Abstract
Purpose :
Warming up prior to surgery has been shown to enhance performance in certain surgical disciplines such as laparoscopy. We performed a retrospective chart review to determine whether or not warming up prior to a fine motor procedure, such as an epiretinal membrane peel, will have a similar effect on surgical outcomes.
Methods :
Cases were included if both the first and second cases of the day were epiretinal membrane peels and if the 2 cases were performed sequentially. The first case was the “warm-up” case and the second case was the “post warm-up” case.
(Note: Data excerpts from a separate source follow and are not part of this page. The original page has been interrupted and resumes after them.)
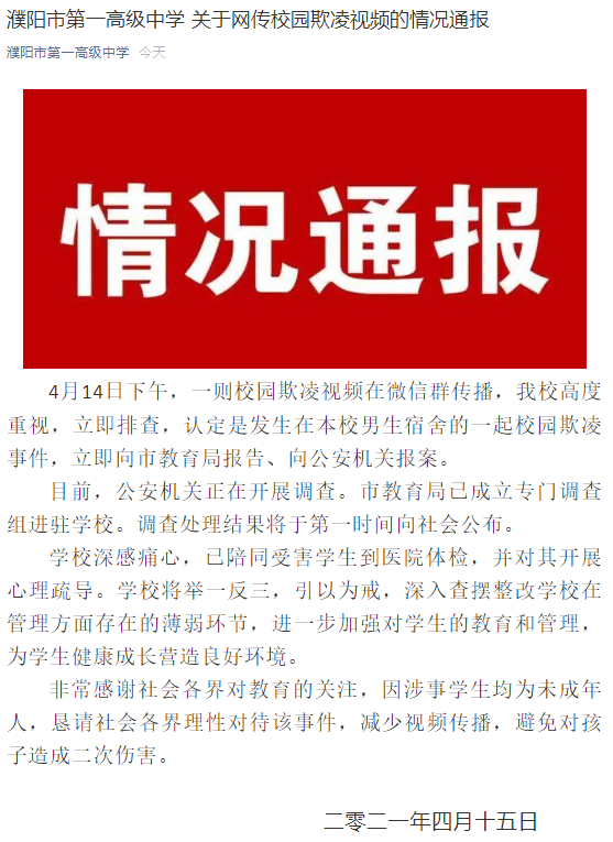 河南省濮阳市第一高级中学日前发布消息回应:4月14日下午,一则校园欺凌视频在微信群传播,我校高度重视,立即排查,认定是发生在本校男生宿舍的一起校园欺凌事件,立即向市教育局报告、向公安机关报案。
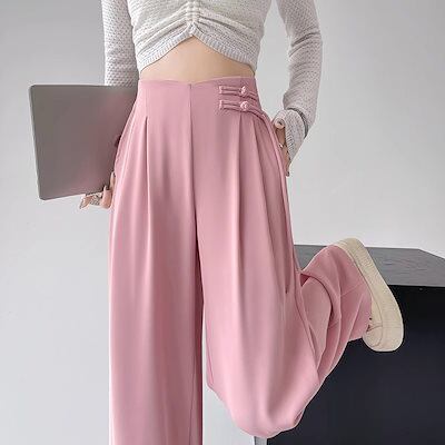 韓国ファッション パンツスーツ夏薄手 ハイウエスト レディース スーツ ワイドパンツ
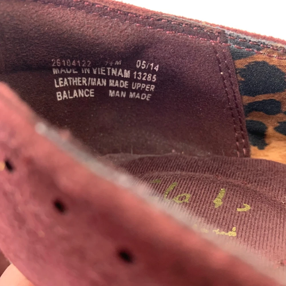 Clarks Sapphire Vase Burgundy Suede Mary Jane Leather Pumps Size 7.5 Excellent preowned condition! Buckle closure Patent leather toes 2.75” stacked block heel 1P35 1 lb 1 oz Box 8 Tags: witch, Whimsigoth, vamp, sexy, goth
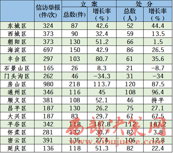 11月18日電據(jù)中央紀委監(jiān)察部網(wǎng)站消息,2016年1至10月北京市各級紀檢監(jiān)察機關(guān)共接受紀內(nèi)信訪舉報12182件(次),立案2388件。給予黨紀政紀處分1720人,其中,廳局級32人,縣處級366人,鄉(xiāng)科級345人。移送司法73人。查處違反中央八項規(guī)定精神和市委實施意見364人,“小官貪腐”328人。

Baseline demographics, pre-operative characteristics, perioperative and, postoperative BCVA at 2 months and 6 months and post-operative complications were recorded. Chi-square tests, t-tests, and Fischer's exact tests were used as appropriate. Regression models were used to identify any predictors of postoperative BCVA.
Results :
54 warm-up cases and 54 post-warm-up cases were identified (108 eyes). A higher percentage of eyes in the post-warm-up group were Pseudophakic (44.4% vs. 22.2%, p=0.035). Comparing the warm-up group to the post-warm-up group, there was no significant difference between the mean pre-op BCVA (0.61 ± 0.34 vs. 0.55 ± 0.3104, p= 0.3878), post-op BCVA at 2 months (0.62 ± 0.30 vs. 0.58 ± 0.35, p= 0.56) and post-op BCVA at 6 months (0.61± 0.34 vs. 0.63 ± 0.40, p= 0.79). Linear regression models showed that only pre-op BCVA (p=0.0066) and pre-op aphakia (p=0.0056) were predictive of worse post-op BCVA. There was no significant difference between the rates of clinically significant cataracts in 6 months of follow-up between the 2 groups (p=0.52). No cases from the warm-up group and one case from the post-op group had a post-op retinal detachment.
Conclusions :
Warming-up does not have an effect on the rate of postoperative complications or the postoperative BCVA in patients undergoing epiretinal membrane peels. The strongest predictor of post-op BCVA was pre-op BCVA. However, these results may not reflect the effect of warming up for less trained surgeons or trainees.
This is an abstract that was submitted for the 2017 ARVO Annual Meeting, held in Baltimore, MD, May 7-11, 2017.